16-17 yaşında tahta çıkan ve 38-39 yaşında ölen Abdülmecit'in öyküsü Osmanlı padişahları içinde dikkat çekici ve çok üzücüdür. O yüzden merak edip aldım. İyi ki almışım oldukça doğru bilgiler içeren kitap öykü gibi yazıldığından okunması kolay. 19. yüzyıl Osmanlısının Harem hayatı çok güzel verilmiş. Bu eseri okuyanlar Ayşe Osmanoğlu'nun "Babam Abdülhamit"ini de okusunlar. Eğer padişahları tapılacak insanlar yarı Evliyalar gibi görüyorsanız sakın okumayın. Bu kitap hataları, günahları, zayıflıkları olan bir insanın hikayesini anlatıyor.

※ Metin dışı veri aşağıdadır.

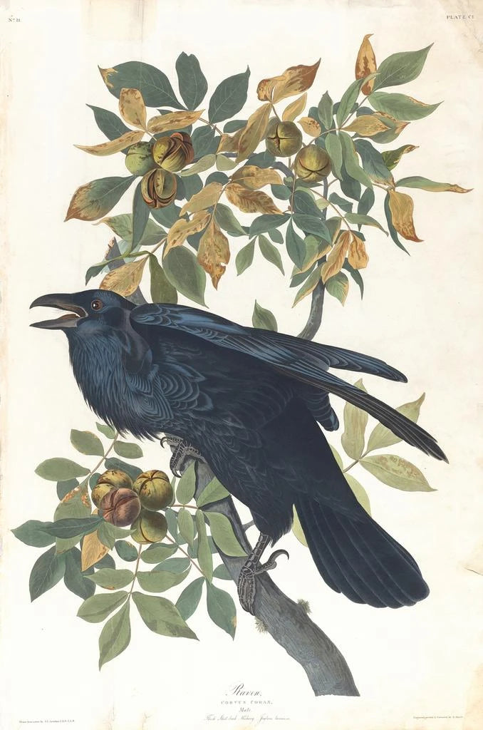 El cuadro Corneja de John James Audubon captura la esencia misma de este ave fascinante. Con detalles minuciosos, el artista resalta el plumaje negro brillante de la corneja, contrastando con matices de azul y verde en el fondo. La técnica de la acuarela, combinada con trazos precisos, da vida a esta emblemática ave. La atmósfera que emana de esta obra es a la vez misteriosa y majestuosa, invitando al espectador a cuestionar la simbología de este animal, a menudo asociado con la sabiduría y el conocimiento.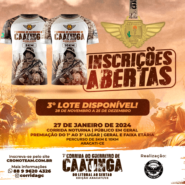 - 3º LOTE - 28/11 até o dia 25/12 (ou atingir o limite de inscritos)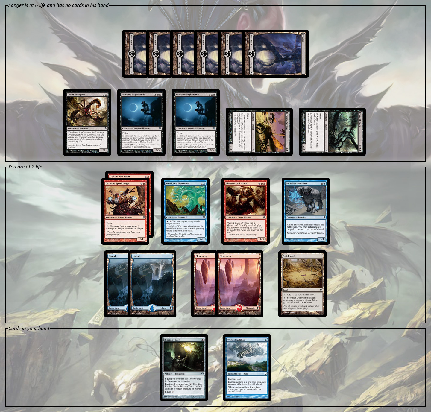 Sanger is at 6 life and has no cards in his hand. He has the following cards in play: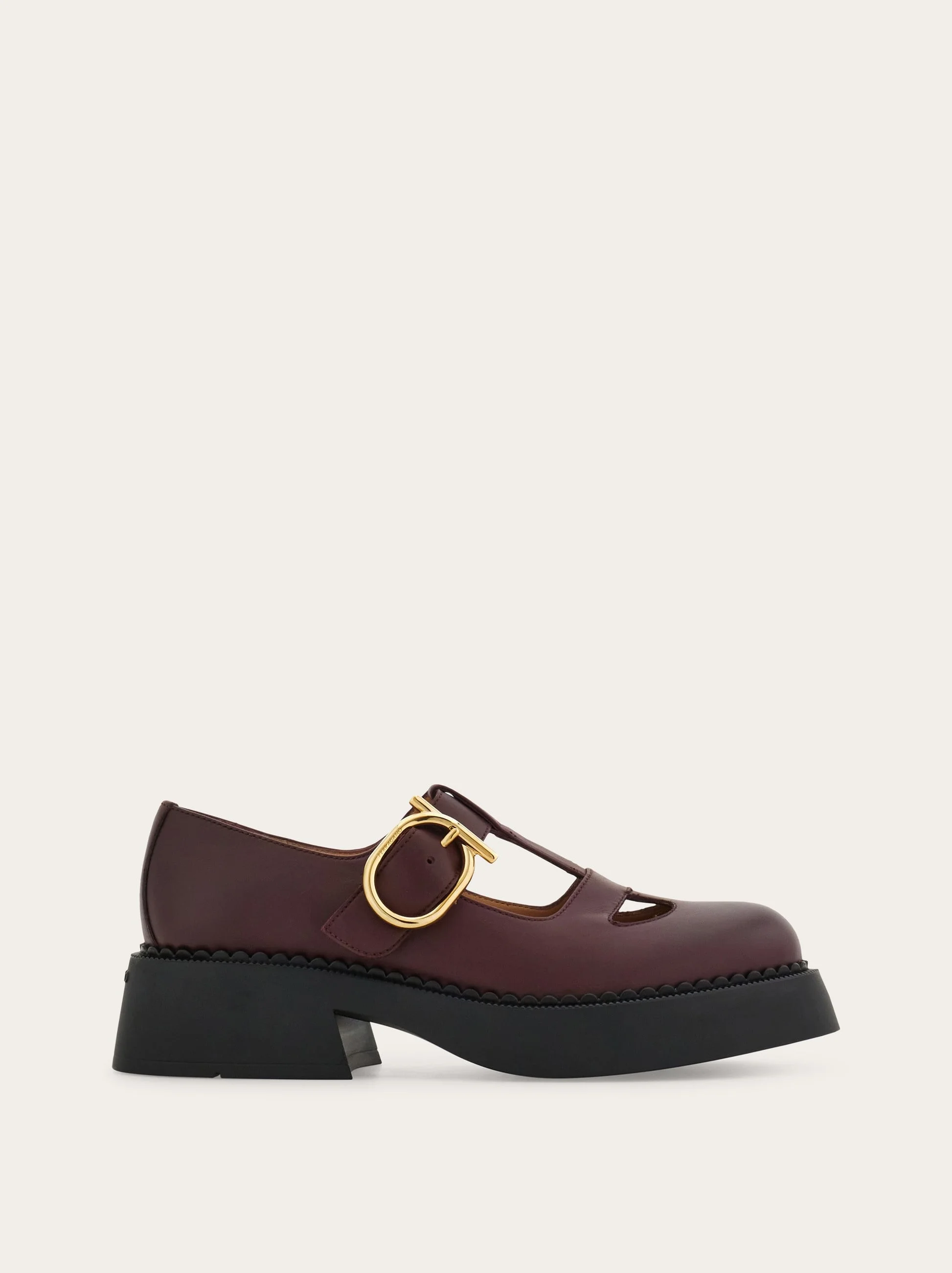 Sophisticated and cool: this Mary Jane loafer is designed with a round toe and an elegant T-strap fastened with the golden Gancini buckle decorating the side. It's set on a chunky rubber sole with a flared profile for an extra dose of attitude. - Composition: calfskin - Made in ITALY - Product code: 01K324 784762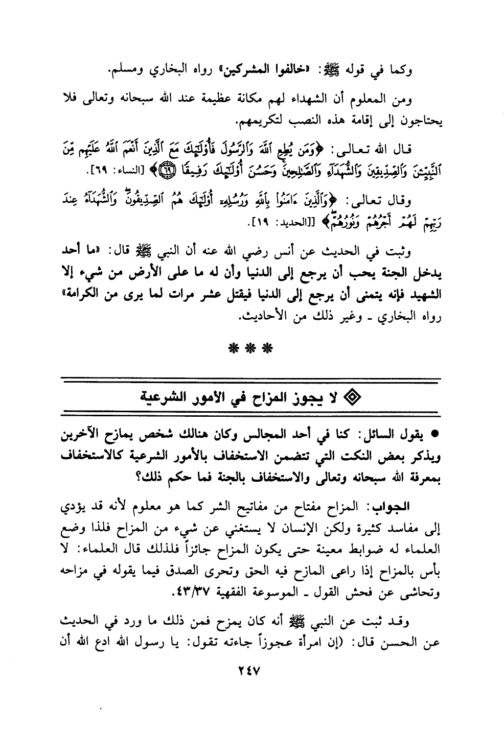 يقول السائل: كنا في أحد المجالس وكان هنالك شخص يمازح الآخرين ويذكر بعض النكت التي تتضمن الاستخفاف بالأمور الشرعية كالاستخفاف بمعرفة الله سبحانه وتعالى والاستخفاف بالجنة فما حكم ذلك؟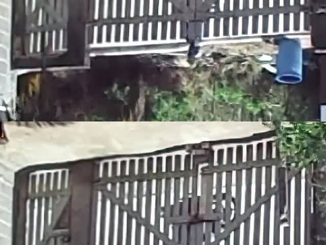 My wife receives the delivery guy on street dressed with a opened robe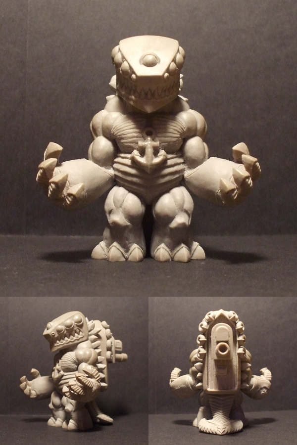 Known for his extensive work as part of The Disarticulators, the Amazing Zectron has just revealed images of his first ever solo mini figure, Tug-O-War! A labour of love that’s been nearly 2 years in the making, the over-sized, 2.5″ tall keshi blends elements from right across kaiju and classic sci-fi, featuring, amongst other design flourishes, an ingenious back-mounted tug boat so that the nautical beast can travel the seas unnoticed – until it’s time to attack that is!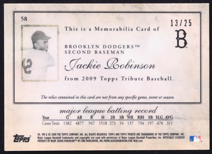Jackie Robinson 2009 Topps Tribute Relics Triple Gold #58 #13/25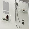 - Комплектация: смеситель, сифон, ручная лейка, шланг, 2-е полочки, зеркало, штанга держатель.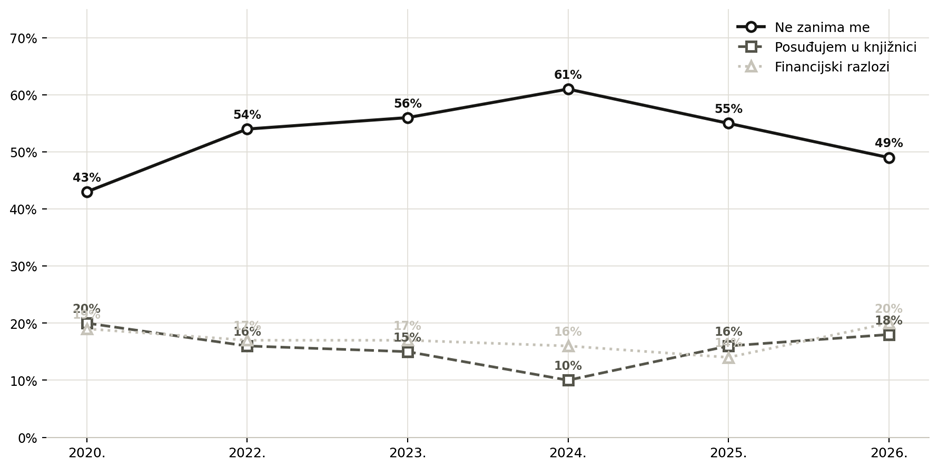 Drugi po učestalosti razlog je posudba u knjižnici (18 %) – osobito kod najmlađih (31 %) i visokoobrazovanih (26 %), što sugerira da interes za knjige postoji. Financijski razlozi vratili su se na razinu od 20 % (porast s 14 % u 2025.). Vjerojatno je riječ o odrazu inflatornih pritisaka na kućne budžete.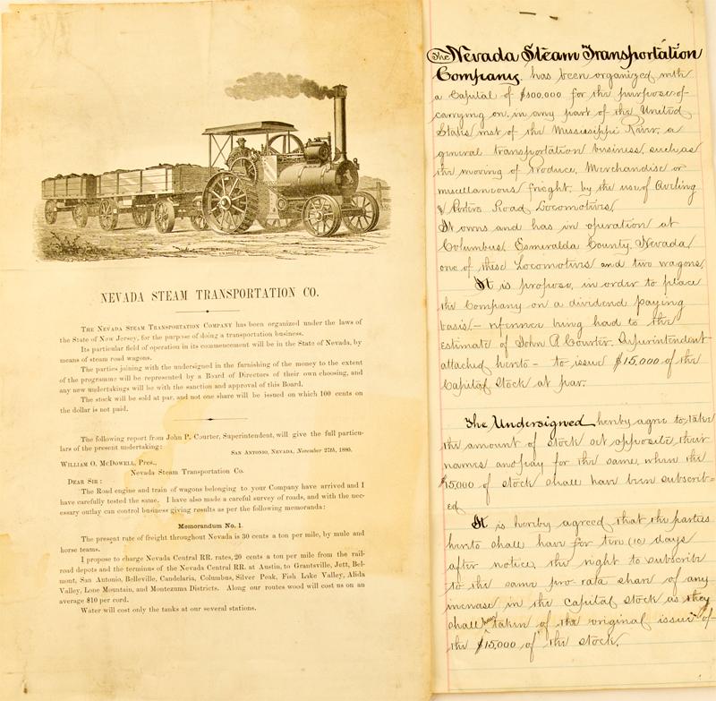 Original 1880 prospectus. It has a vignette of the train on the top, occupying 1/3 of the document page. Possibly unique. Lot of two documents, one printed and the other handwritten. The printed document notes that the company was organized in New Jersey for the purposed of doing a transportation business, particularly in Nevada by means of steam road wagons. There is a wonderful vignette at the top of the page depicting one of these steam road wagons—similar to a locomotive with wheels, hauling two wagons. The document contains a report from John P. Courter, Superintendent, dated November 27, 1880 and addressed to William O. McDowell, President of the company, and regards Courter’s suggestions on some expenditures for the company to undertake in the amount of $85,000. The second piece is a beautifully handwritten document regarding the formation of the company, its purpose, and a proposal to issue $15,000 of the Capital Stock at par to help pay for Courter’s estimates of expenses. It is not signed, although in the body of the document it states, “The Undersigned hereby agree to take the amount of stock set opposite their names and pay for the same, when the $15,000 of stock shall have been subscribed.” The document further states that The company “…owns and has in operation at Columbus, Esmeralda County, Nevada, one of these locomotives and two wagons.” The road locomotives were made by Aveling and Porter, a company well-known among steam enthusiasts. Both documents are 2 pgs. each and measure 8.5 x 14.”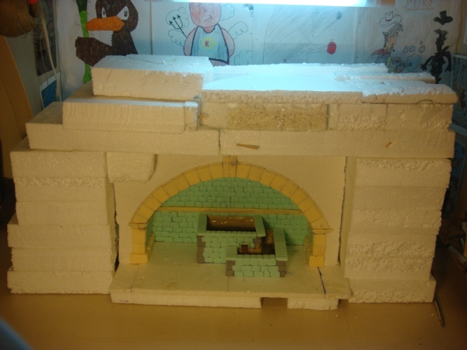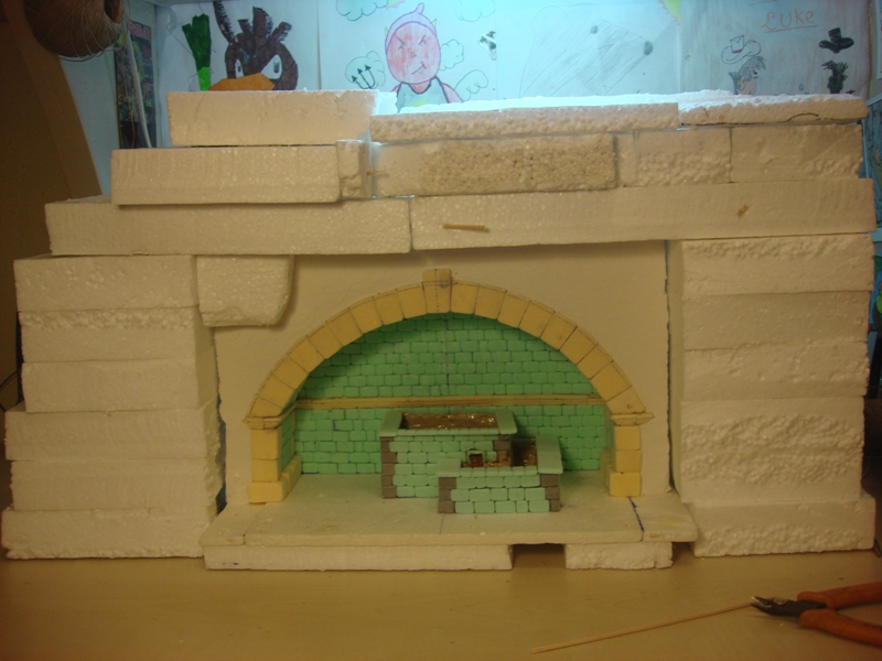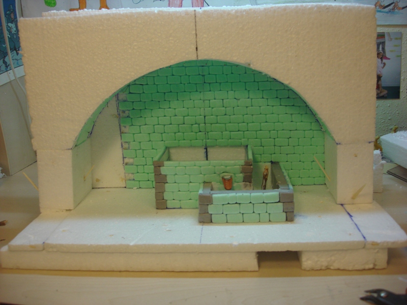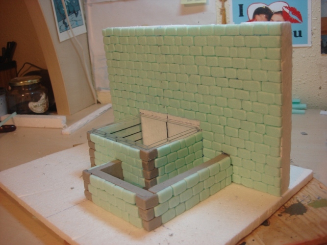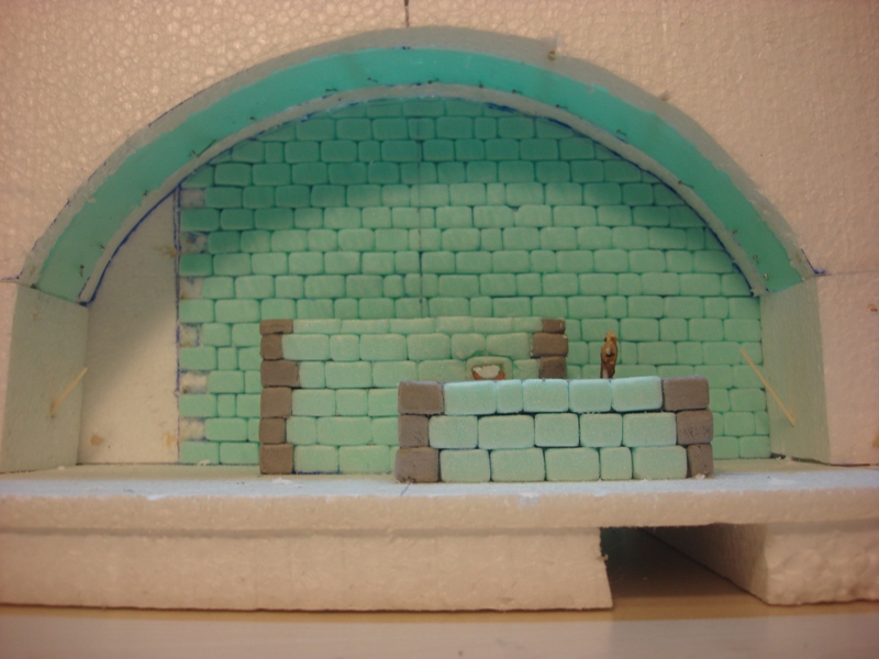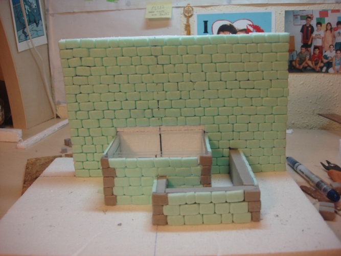 Con todo ya marcado, procedo a cortar el arco con la cortadora de porex y después, corto una a una las piedras haciendo en el interior de las mismas el encaje para después pegarlas en la estructura.

Abdülmecit, Osmanlı tahtına oturduğu zaman hiç devlet idare ve hayat tecrübesi olmaması nedeniyle oraya buraya çekilmiş. Ne babası II. Mahmut gibi dediğim dedik bir padişah ne de oğlu Sultan Abdülhamit gibi devlet işlerinde kafasında 99 tilkinin kuyrukları bile birbirine değmeden gezen kurnaz bir politikacıydı.
Her şeyi varken hiçbir şeysiz kalan bir adam haline gelmiş. Kadınlara kibar davranan bir adam olduğu için hem karıları , hem kızları istedikleri gibi davranmışlar. Başka padişahlar olsa bu kitapta bahsedilen olaylar için kimleri asmaz ve sürmezdi ki.
İmparatorluğun çökmesini önlemek için ilan edilen Gülhane Hatt-ı Hümayun'u yani Tanzimat Fermanı imparatorluğun içişlerine karışma nedeni olarak kullanılacağını kimse ön görememiş.
Tarih konularına meraklı olanlara tavsiye ederim.